The Hardest Lesson
There is an issue in violence that everything we do in training points to, but very few people, if anyone, ever gets. We have paid lip service to it, talked around it, and indirectly hinted at it. Today is the day it gets dragged out into the open.
You’ve heard us say that the one doing the violence prevails, and you’ve probably seen this adage in action (hopefully only on video). You buy the logic of it, see the truth of it stitched across the entire swath of human history. But have you ever really thought about what that means for you?
In poker they say that if you sit down at the table and don’t know who the sucker is, it’s you. If you find yourself there, as the sucker, it’s best to get out before the first card hits the table. In violence, if you’re not the most dangerous person in the room, you’re the victim.
So really, the end-goal of all training, all the time on the mats, every last millisecond of leg dynamics—even reading this post—is to become the most dangerous person in the room. Period. Wherever you go, no matter who you’re surrounded by, you need to be the most dangerous person there. The One person who, if you were to be caught on video doing violence, would stand out for directness, ferocity, and brutality. The One obvious person in the frame who is in control, making everyone else want to get away from them—and breaking people at will. The One who would make even a casual observer blanch and crap their pants. You want to be the center of the storm.

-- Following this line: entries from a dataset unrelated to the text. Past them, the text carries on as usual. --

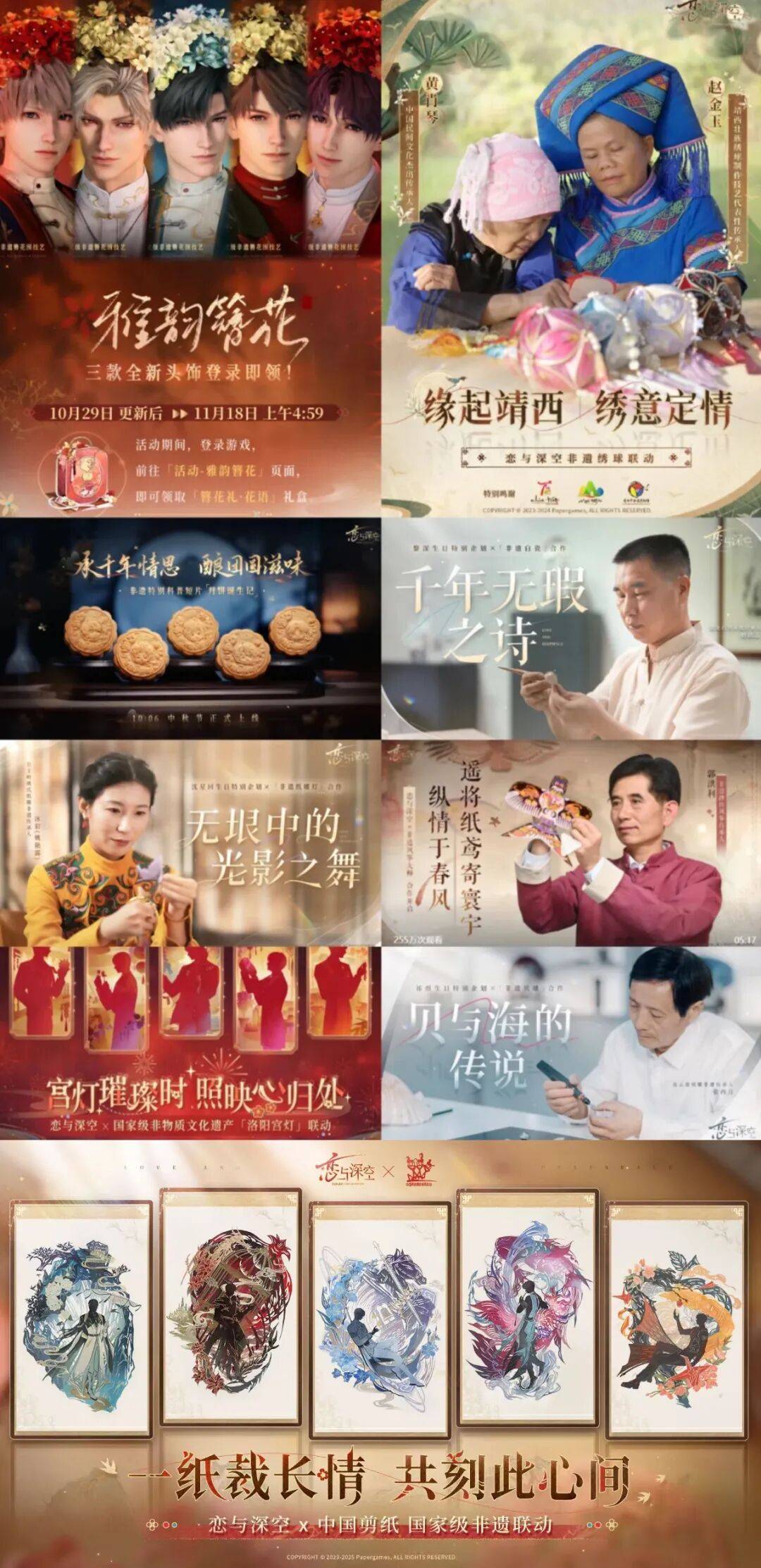 更进一步,《恋与深空》将情感表达延伸至文化层面,开创性地尝试“非遗合作”模式。两年间,已经进行了九次非遗合作活动。
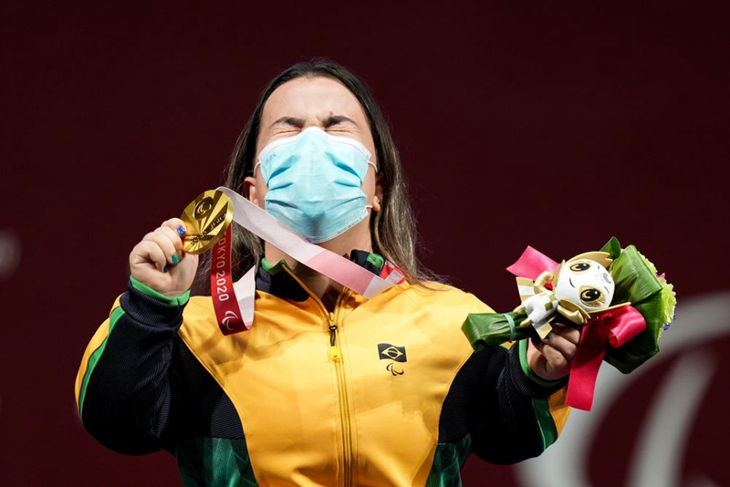 8月29日,巴西选手玛丽安娜·丹德列亚在颁奖仪式上。当日,在东京残奥会举重女子73公斤级决赛中,她获得金牌。新华社记者 张铖 摄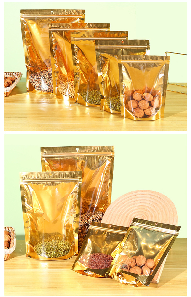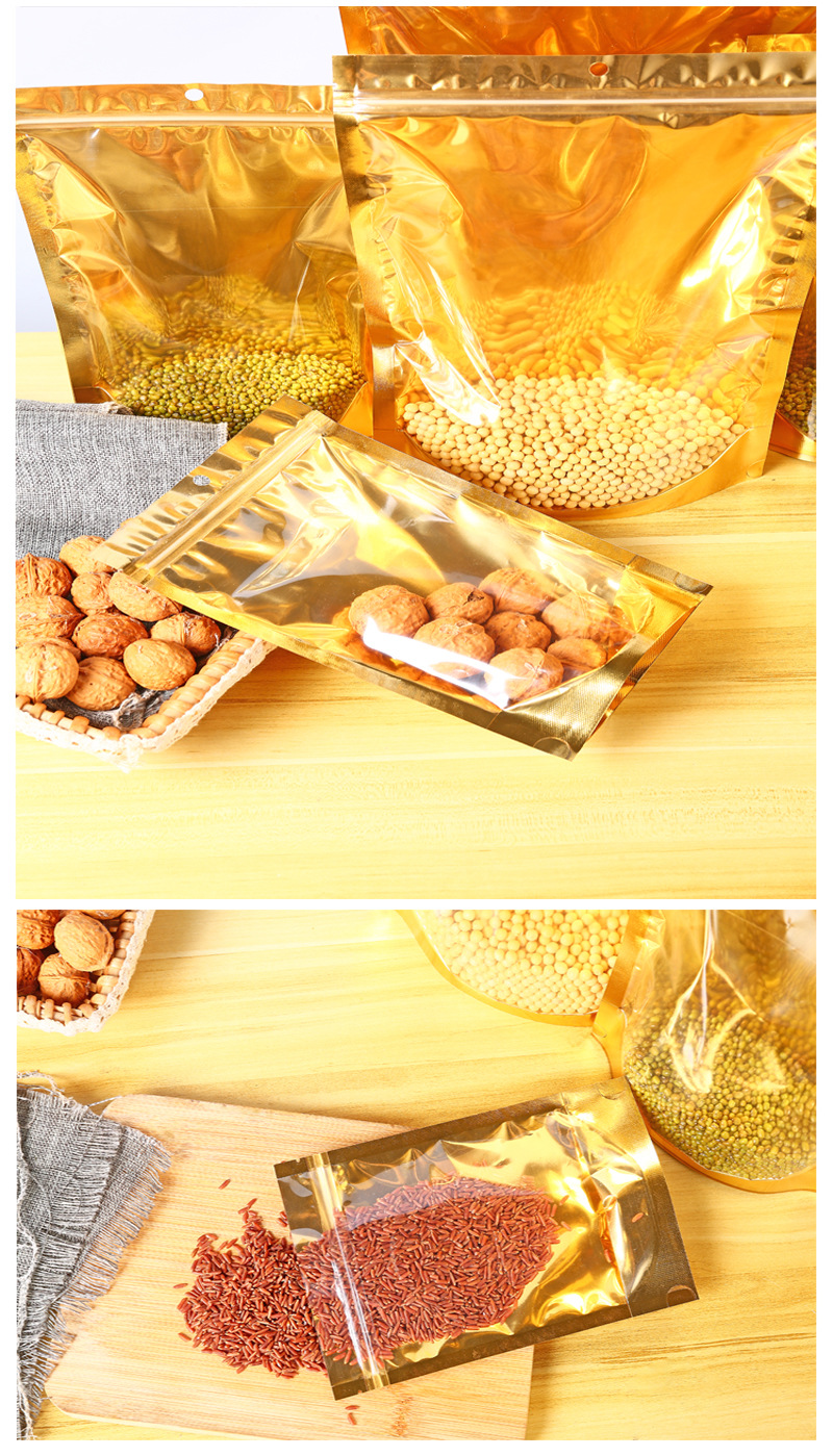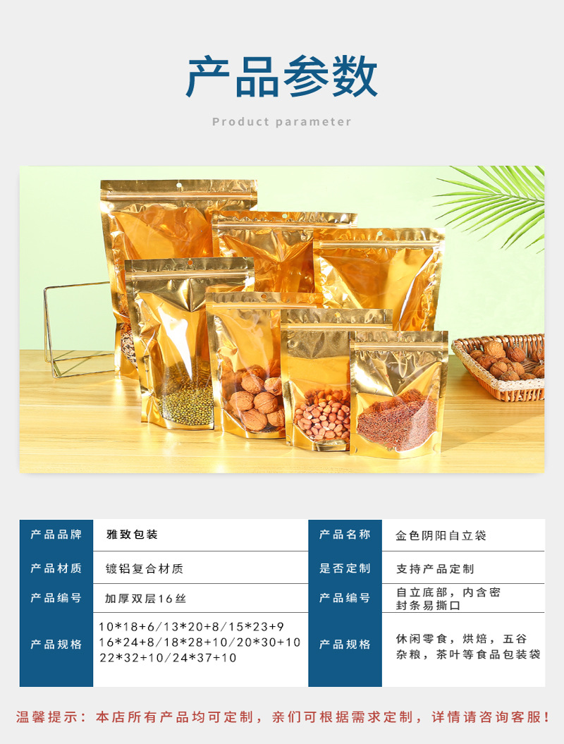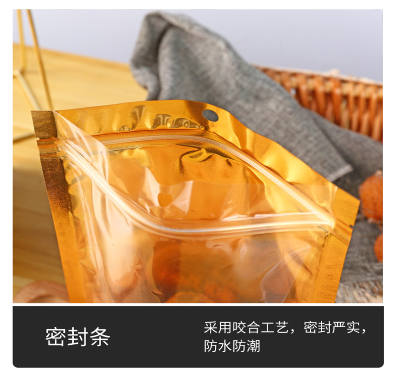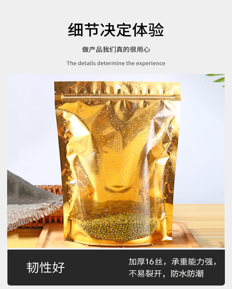 本产品为现货铝箔金色阴阳自立自封袋加厚半透明镀铝拉链袋密封袋茶叶袋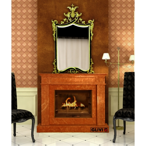 - Камин выполнен из состаренного мрамора Rosa Perlino.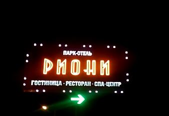 Вся вывеска с динамичной подсветкой, которую видно издалека. Общую композицию завершает световая рамка с программируемыми эффектами.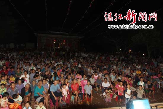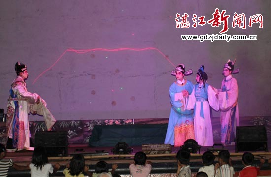 湛江新闻网讯:“雨仔落落落泱泱,侬去书房坐书窗,先生会教侬会拾,长大学成状元郎!”伴随着雷剧熟悉的音律,悦耳的唱腔在高云村文化楼上空飘荡,现场2000多名观众时而唏嘘叹息,时而鸦雀无声,聚精会神地观看徐闻县雷剧团演出的传统雷剧《雨仔落泱泱》 。这是笔者6月5日晚上在徐闻县锦和镇拿楚村委会高云村专场演出时看到的生动场景。本场演出是由徐闻县委宣传部组织县雷剧团下乡巡回演出活动的一部分。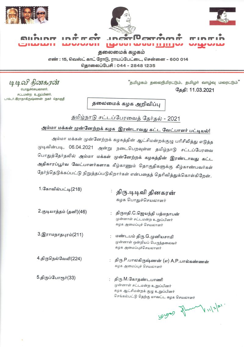 தமிழக சட்டமன்ற தேர்தல் ஏப்ரல் 6ம் தேதி நடைபெற உள்ளது. இந்த தேர்தலில் பதிவாகும் வாக்குகள் மே 2ம் தேதி எண்ணப்பட்டு முடிவுகள் வெளியாக உள்ளன. இந்நிலையில், அமமுக முதற்கட்டமாக 15 தொகுதிகளுக்கான வேட்பாளர்கள் பட்டியலை அறிவித்திருந்து. இதனையடுத்து, 2ம் கட்ட வேட்பாளர் பட்டியல் தற்போது வெளியாகியுள்ளது. இதில், அமமுக பொதுச்செயலாளர் டிடிவி.தினகரன் எங்கு போட்டியிடுவார் என்று எதிர்பார்க்கப்பட்ட நிலையில் அவர் கோவில்பட்டி தொகுதியில் அமைச்சர் கடம்பூர் ராஜூவை எதிர்த்து போட்டியிட உள்ளார். அதேபோல், அதிமுக இருந்து அமமுகவில் இணைந்த ராஜவர்மனுக்கு சாத்தூர் தொகுதி வழங்கப்பட்டுள்ளது.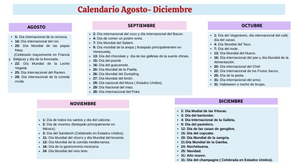 - 9: Día mundial de la arepa ( festejado principalmenten en Venezuela).

Right now you’re nodding in agreement. You got it, this is nothing new. That’s you to a T. It’s where you live, it’s how you roll, because you’re dedicated to living an embarrassingly long life and dying in bed surrounded by your geriatric great-grandchildren with your third baboon heart beating in your chest.
Here comes the hard part, the hardest lesson, because violence has nothing to do with being dedicated to living—it has everything to do with being dedicated to hurting, crippling, and killing people. With being The One person there who wants to do those things more than anyone else in the room.
Who do we know of who pulled off this trick recently? That’s right—the most recent mass shooter.* His use of the tool of violence was stunning in its base utility—it was textbook. So much so it is now your required reading. He was everything I laid out above, the one you were nodding enthusiastically to just a moment ago. Feels different now, doesn’t it?
If you really got it, if you really understood what we’re up to and up against here, it wouldn’t feel different at all. You would nod, just not enthusiastically. You’d do it with a grim determination. See, it’s kind of cool to whisper to yourself, “I’m the most dangerous person in the room.” It puffs you up, makes you feel like the protagonist in a spy thriller.
The reality of that statement ain’t so nice—or socially acceptable. Because what you’re really saying is “I’m like the most recent mass shooter.” The center of the storm, with unflinching intent, making everyone want to get away from you rather than go after you, delivering multiple injuries per person, dropping them and then making sure they don’t get up. If you had read the preceding sentence before I mentioned mass shootings, you’d think it was pretty cool. You’d think, “That’s me.” But not now. Now you’re wrestling with it. Sickened by the idea. That’s why it’s the hardest lesson.
It’s not only hard to learn—most people don’t want to learn it. If you’re having trouble with it, then that’s your biggest problem with training for violence—not how good or bad your cross step is, or where exactly the spleen is or not knowing enough base leverages. Because if you walk into the room and you don’t know who’s the most dangerous person, it sure as hell isn’t you.
— Chris Ranck-Buhr (from 2007)
*Virginia Tech shooting, April 16, 2007—32 dead, 17 wounded, with nothing but two pistols.